Zehun had returned with a teenage girl in tow. The girl had ivory-sallow skin and hair done up with enamel clasps. Her clothes, despite the striking color coordination in greens and yellows, were notable for their concession to useless practicality. Mikodez wondered just where the girl thought she needed to run off to in those sensible slacks and even more sensible boots. The Citadel of Eyes was a space station. You couldn’t run far.

“Cheris,” Mikodez said, “this is Moroish Nija. I don’t believe you two are acquainted”—Cheris was already shaking her head—“but she is one of approximately 5,000 Mwennin we were able to evacuate.
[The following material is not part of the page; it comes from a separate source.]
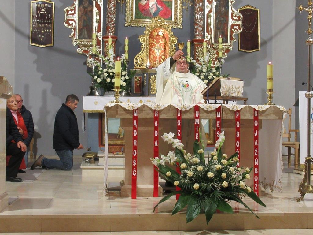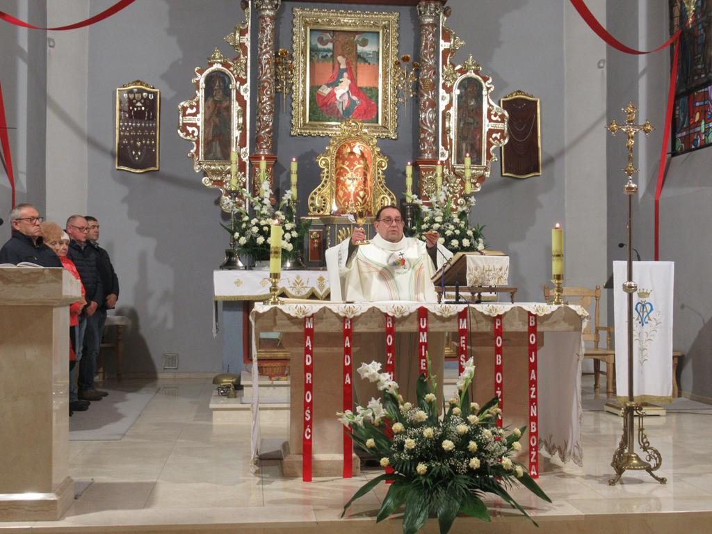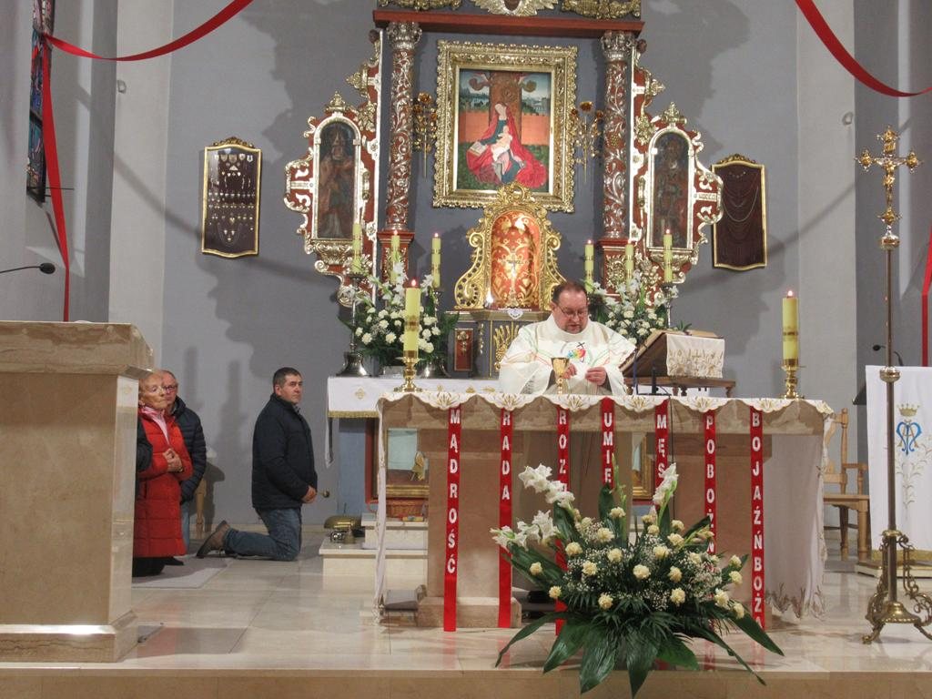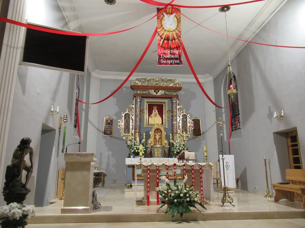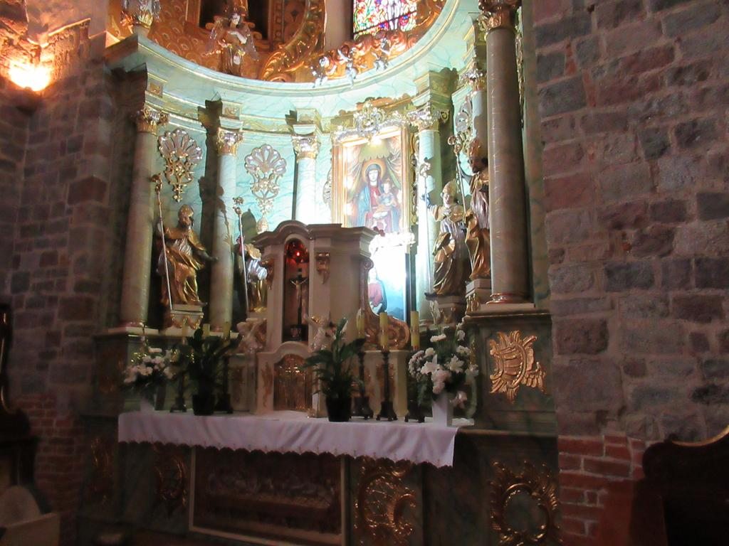 Ostatnim miejscem pielgrzymowania był Gościeszyn. W kościele p.w. Nawiedzenia Najświętszej Maryi Panny ksiądz proboszcz odprawił Mszę św. w intencji pielgrzymów oraz parafian z Kamieńca i Szydłowa. Po Eucharystii proboszcz tamtejszej parafii przybliżył historię obrazu Matki Bożej Gościeszyńskiej. Zapoznał z bogatą symboliką zawartą na namalowanym w latach 1480-1490 wizerunku „Matki Boskiej z Dzieciątkiem w ogrodzie mistycznym.”
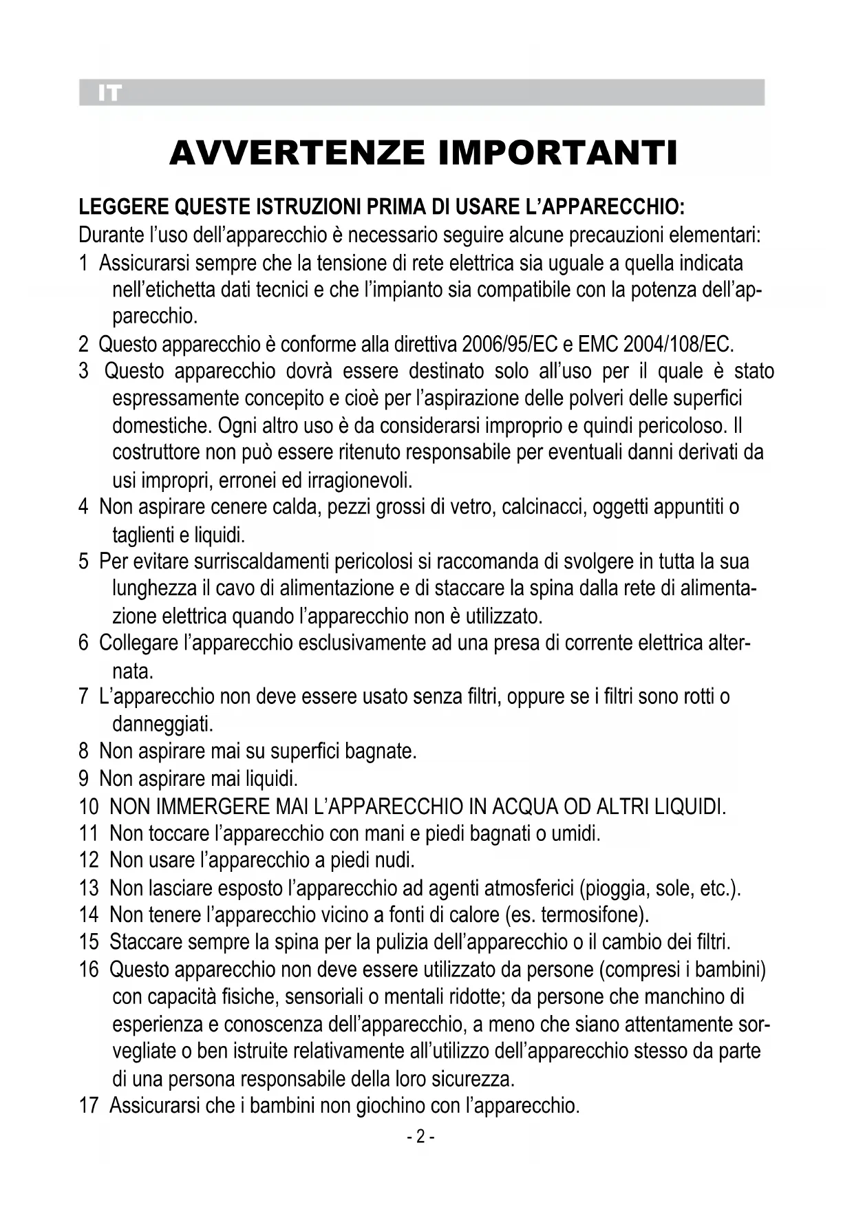 AVVERTENZE IMPORTANTI LEGGERE QUESTE ISTRUZIONI PRIMA DI USARE L’APPARECCHIO: Durante l’uso dell’apparecchio è necessario seguire alcune precauzioni elementari: 1 Assicurarsi sempre che la tensione di rete elettrica sia uguale a quella indicata nell’etichetta dati tecnici e che l’impianto sia compatibile con la potenza dell’ap- parecchio. 2 Questo apparecchio è conforme alla direttiva 2006/95/EC e EMC 2004/108/EC. 3 Questo apparecchio dovrà essere destinato solo all’uso per il quale è stato espressamente concepito e cioè per l’aspirazione delle polveri delle superci domestiche. Ogni altro uso è da considerarsi improprio e quindi pericoloso. Il costruttore non può essere ritenuto responsabile per eventuali danni derivati da usi impropri, erronei ed irragionevoli. 4 Non aspirare cenere calda, pezzi grossi di vetro, calcinacci, oggetti appuntiti o taglienti e liquidi. 5 Per evitare surriscaldamenti pericolosi si raccomanda di svolgere in tutta la sua lunghezza il cavo di alimentazione e di staccare la spina dalla rete di alimenta- zione elettrica quando l’apparecchio non è utilizzato. 6 Collegare l’apparecchio esclusivamente ad una presa di corrente elettrica alter- nata. 7 L’apparecchio non deve essere usato senza ltri, oppure se i ltri sono rotti o danneggiati. 8 Non aspirare mai su superci bagnate. 9 Non aspirare mai liquidi. 10 NON IMMERGERE MAI L’APPARECCHIO IN ACQUA OD ALTRI LIQUIDI. 11 Non toccare l’apparecchio con mani e piedi bagnati o umidi. 12 Non usare l’apparecchio a piedi nudi. 13 Non lasciare esposto l’apparecchio ad agenti atmosferici (pioggia, sole, etc.). 14 Non tenere l’apparecchio vicino a fonti di calore (es. termosifone). 15 Staccare sempre la spina per la pulizia dell’apparecchio o il cambio dei ltri. 16 Questo apparecchio non deve essere utilizzato da persone (compresi i bambini) con capacità siche, sensoriali o mentali ridotte; da persone che manchino di esperienza e conoscenza dell’apparecchio, a meno che siano attentamente sor- vegliate o ben istruite relativamente all’utilizzo dell’apparecchio stesso da parte di una persona responsabile della loro sicurezza. 17 Assicurarsi che i bambini non giochino con l’apparecchio.- 3 -

That’s a pitifully small number, and I am not optimistic that your community will recover from its dispersal, but it was the most I could do without exposing Shuos involvement to the other factions.”

“Wait,” Nija said. She wasn’t looking at Mikodez, but at Cheris’s face. “This is her? Ajewen Cheris?”

“Yes, I’m Cheris,” Cheris said.

Nija began speaking harshly and rapidly in a language that the grid identified as Mwen-dal. Mikodez eyed the machine translation it was providing on a subdisplay, which for all its awkwardness suggested that Nija had an impressive command of Mwen-dal obscenities.

When Nija wound down, Cheris said something haltingly in Mwen-dal, then, in the high language, “I have no excuse to offer.”

“As I told you,” Mikodez said, “it’s a very poor gift.”